Max tracks down O'Blivion to a homeless shelter where vagrants engage in marathon sessions of television viewing. He discovers that O'Blivion's daughter Bianca runs the mission, aiding her father's vision of a world where television replaces everyday life. Later, Max views a videotape of O'Blivion explaining that Videodrome is a socio-political battleground in which a war is being fought to control the minds of the people of North America. Max then hallucinates Nicki speaking directly to him, causing his television to undulate as he kisses the screen. Disturbed, Max returns to O'Blivion's shelter. Bianca tells him that Videodrome carries a broadcast signal that gives malignant brain tumors, which considers part of his vision, believing hallucinations are a higher form of reality. When O'Blivion found out it was to be used for malevolent purposes, he attempted to stop his partners, only to be killed by his own invention. In the year before his death, O'Blivion recorded thousands of videos, which now form the basis of his television appearances.

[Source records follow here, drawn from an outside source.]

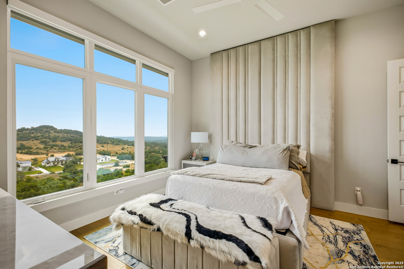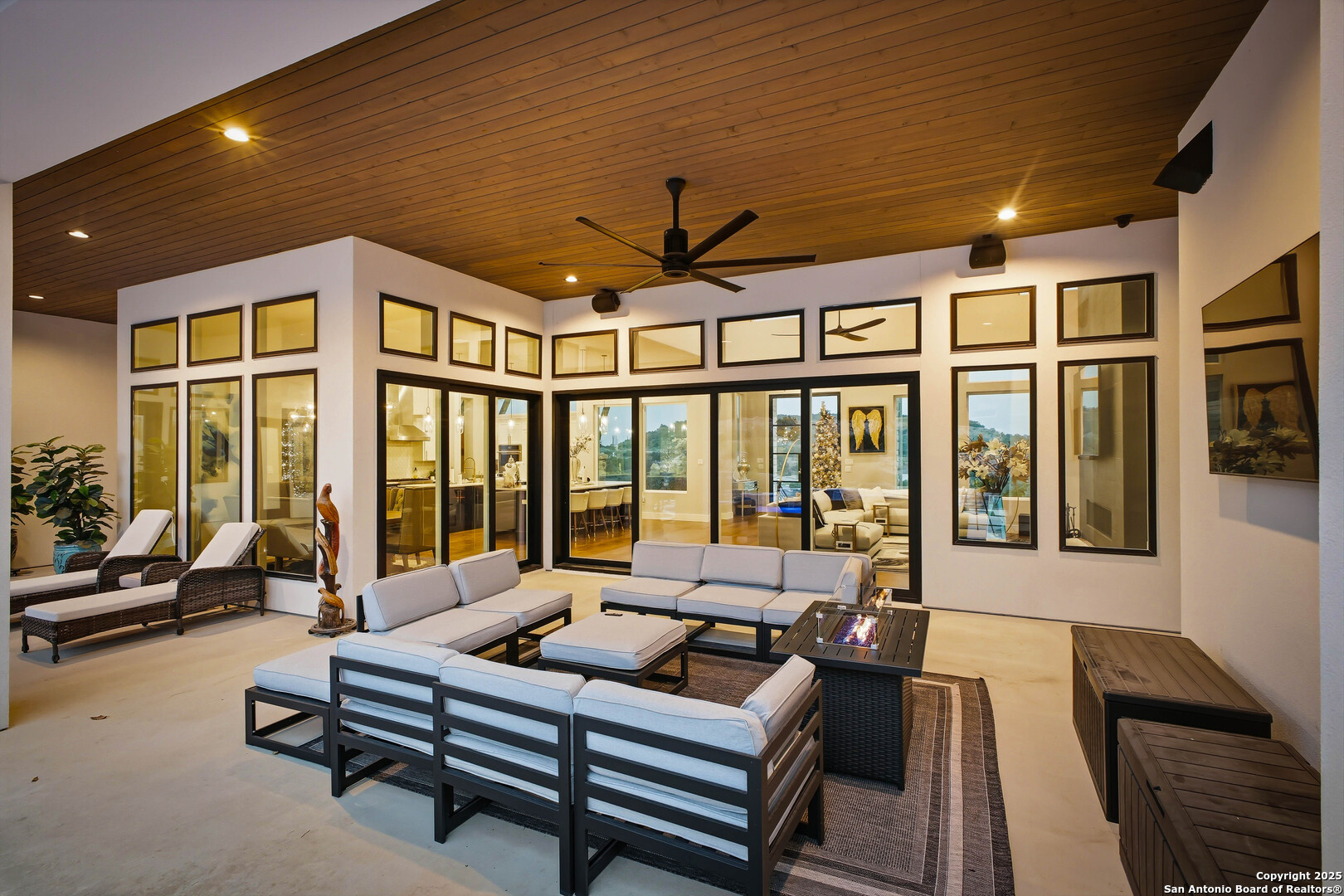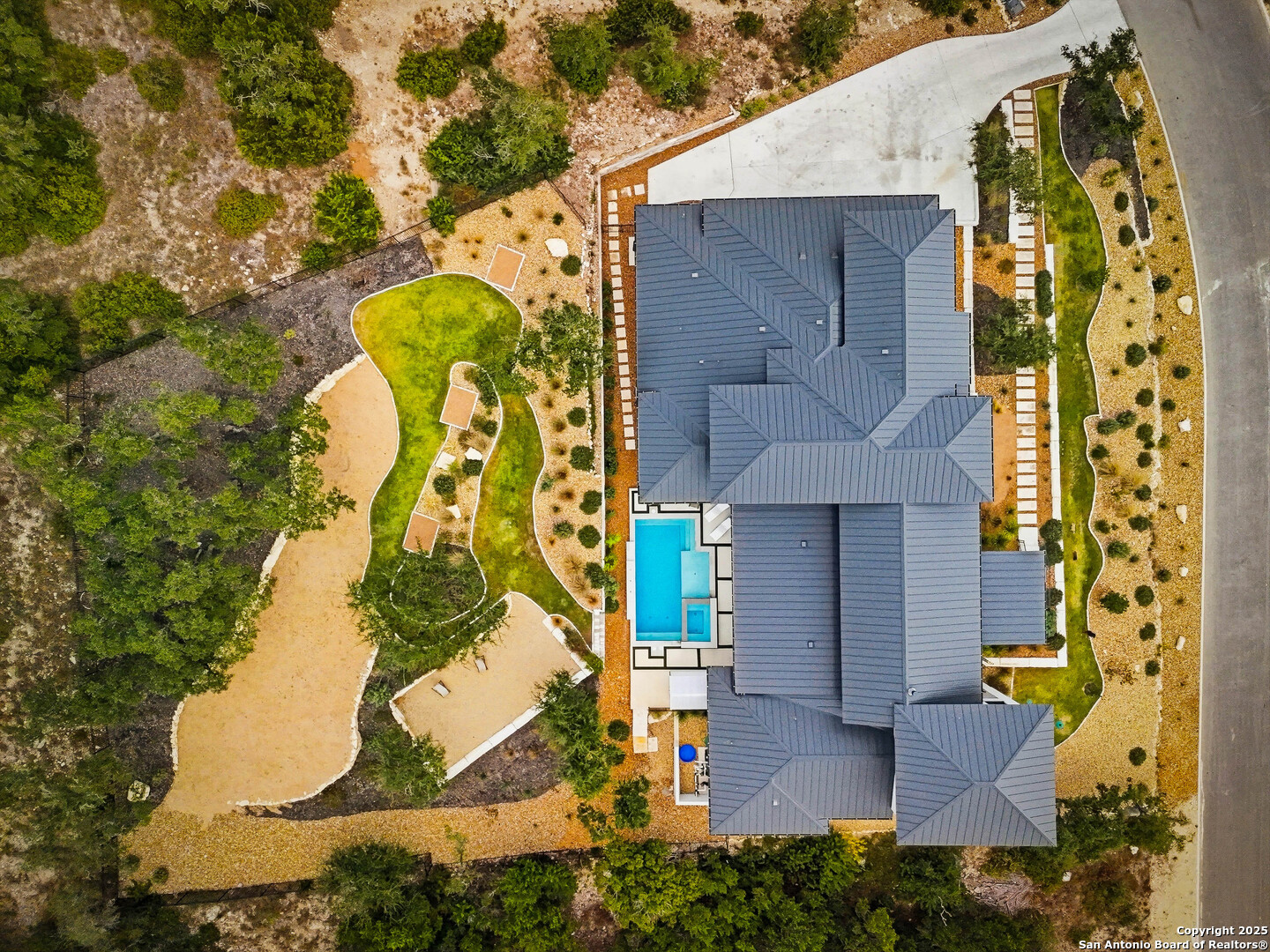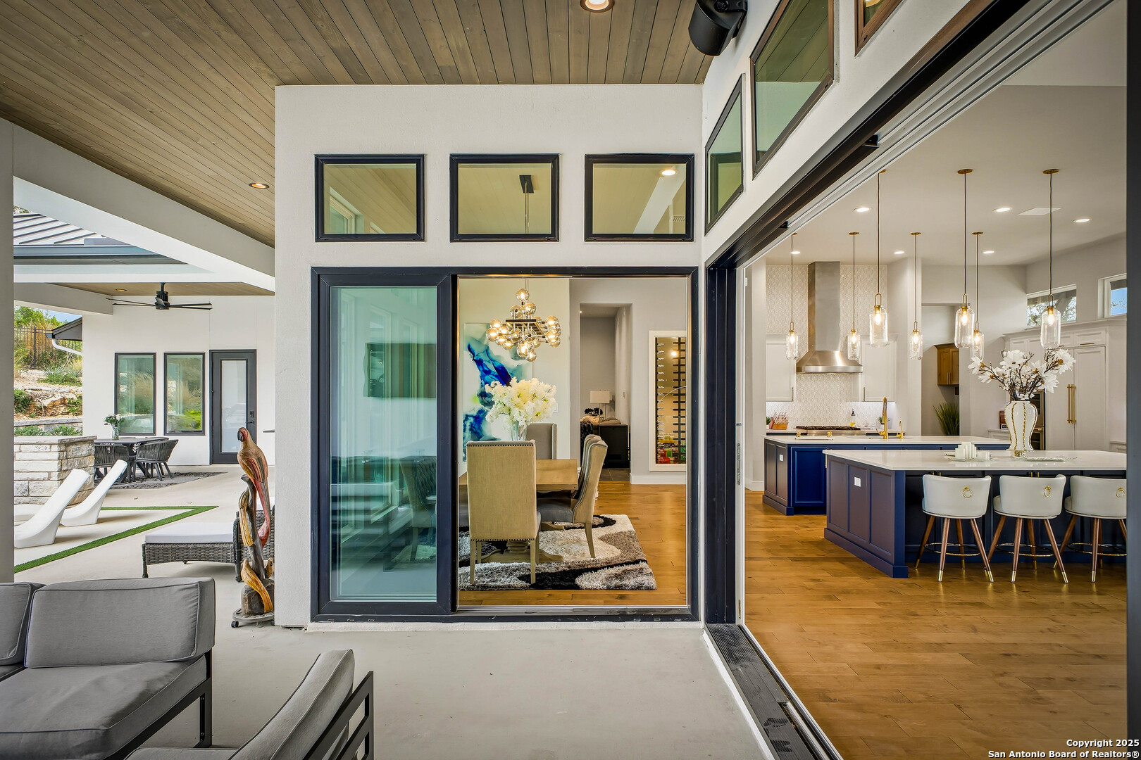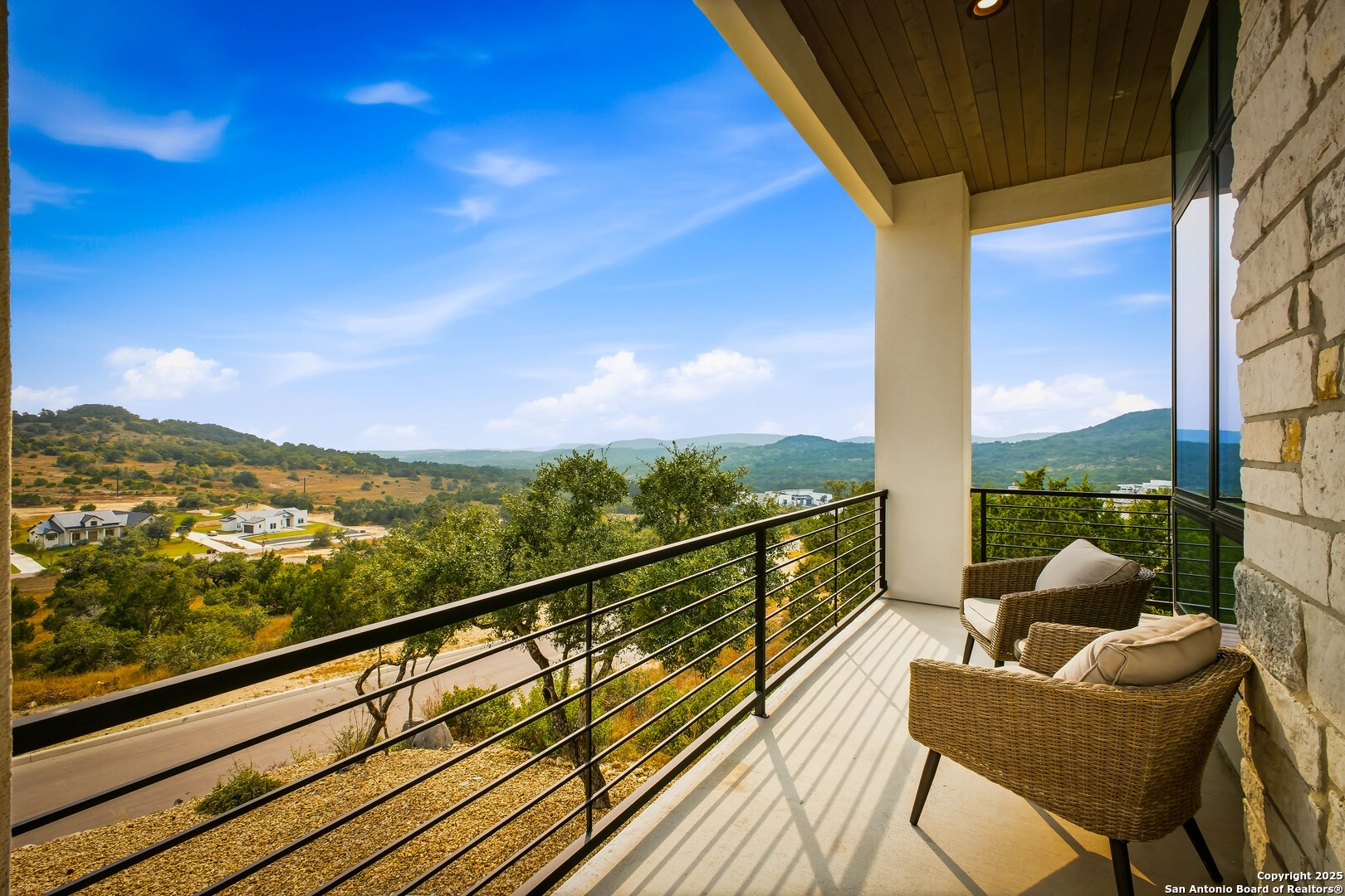 Welcome to 23315 Ebner Ridge, a commanding hilltop residence in the elite gated community of The Canyons at Scenic Loop. Set on a full acre with remarkable privacy, this architectural statement home pairs modern sophistication with the kind of Hill Country beauty that feels both expansive and intimate. A custom landscape and lighting design valued at one hundred seventy five thousand dollars guides you toward ten foot iron doors that open into a grand living space anchored by an eighteen foot tile accent wall and a sixty inch gas fireplace. The gourmet kitchen is a true showpiece with JennAir appliances, a one hundred fifteen bottle glass wine cellar, a six burner gas cooktop, double ovens, a ten foot double island, and Michael Edwards custom cabinetry with a paneled refrigerator that elevates the entire space. An attached casita offers comfort for guests, and a dedicated golf simulator room brings year round recreation to your doorstep. Accordion style bar windows allow you to serve refreshments indoors or out, creating a seamless gathering space that feels effortlessly luxurious. Sixteen foot sliding doors lead to a resort caliber backyard with a modern pool, heated spa, three expansive balconies with sweeping Hill Country views, a full outdoor kitchen, and designated spaces for a future putting green or playscape. Every detail invites relaxation, connection, and celebration. With five bedrooms, four baths, a spacious three car garage, and quick access to La Cantera, The Rim, the Medical Center, UTSA, and major employers, this home offers a lifestyle that is both refined and incredibly convenient. Homes of this caliber rarely become available. Schedule your private showing and experience a level of luxury that inspires your next chapter.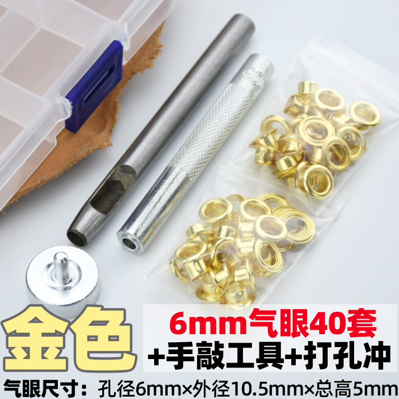 优质纯铜气眼40套+安装工具鸡眼扣皮带孔吊牌眼鞋金色古铜银黑色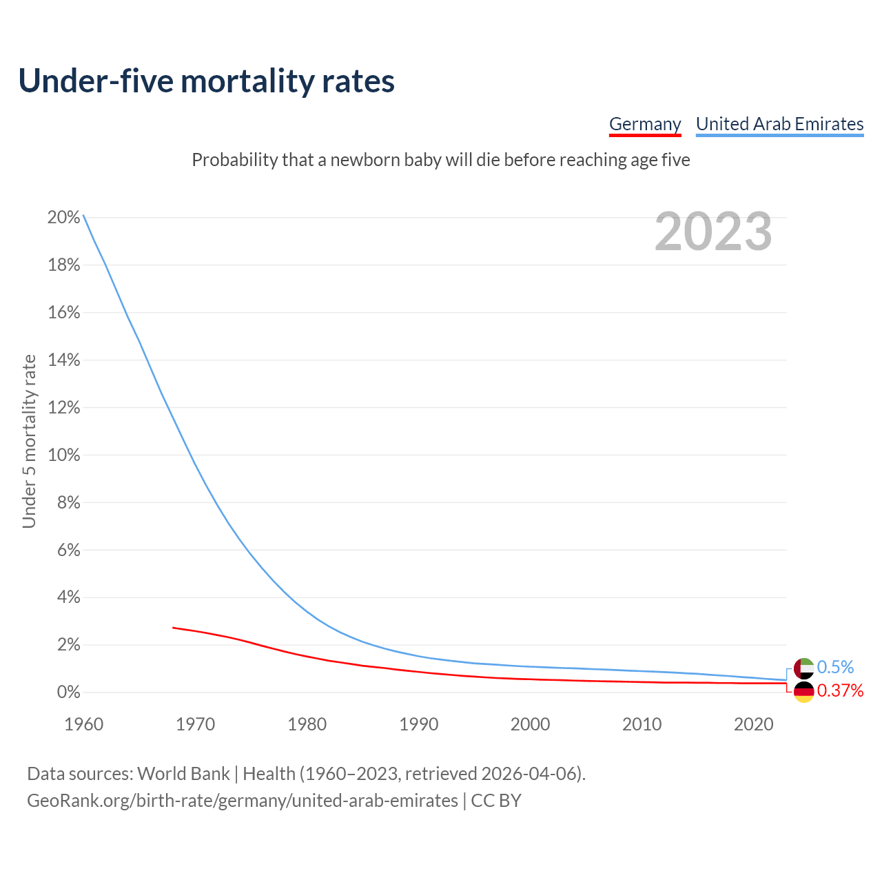 The chance that a newborn baby will die before reaching age five is 0.37% in Germany and 0.5% in the United Arab Emirates. Above is a chart with historical data on under-five mortality rates.

Later that night, Max hallucinates placing his handgun in a slit in his abdomen. He is contacted by Videodrome's producer, Barry Convex of the Spectacular Optical Corporation, an eyeglasses company that acts as a front for an arms company. Convex uses a device to record Max's hallucinations. Max envisions himself on the Videodrome set whipping Nicki, whose image then transforms into that of Masha. Max then wakes up at home to find Masha's corpse in his bed. He frantically calls Harlan to photograph the body as evidence, but, shortly after he arrives, her body is gone.

Wanting to see the latest Videodrome broadcast, Max meets Harlan at his studio. Harlan reveals that he has been working with Convex to recruit Max to their cause. They aim to end North America's cultural decay by using Videodrome to kill anyone too obsessed with sex and violence. Convex then inserts a brainwashing Betamax tape into Max's torso. Under Convex's influence, Max kills his colleagues at CIVIC-TV. He attempts to kill Bianca, who stops him by showing him a videotape of Nicki's murder on the Videodrome set. Bianca then "reprograms" Max to her father's cause: "Death to Videodrome. Long live the new flesh." Under her orders, he kills Harlan, whose hand transforms into a stielhandgranate after he inserts it into Max's torso slit and explodes, and Convex, whose body erupts into massive tumors and tears itself apart after Max shoots him with a gun fused to his hand.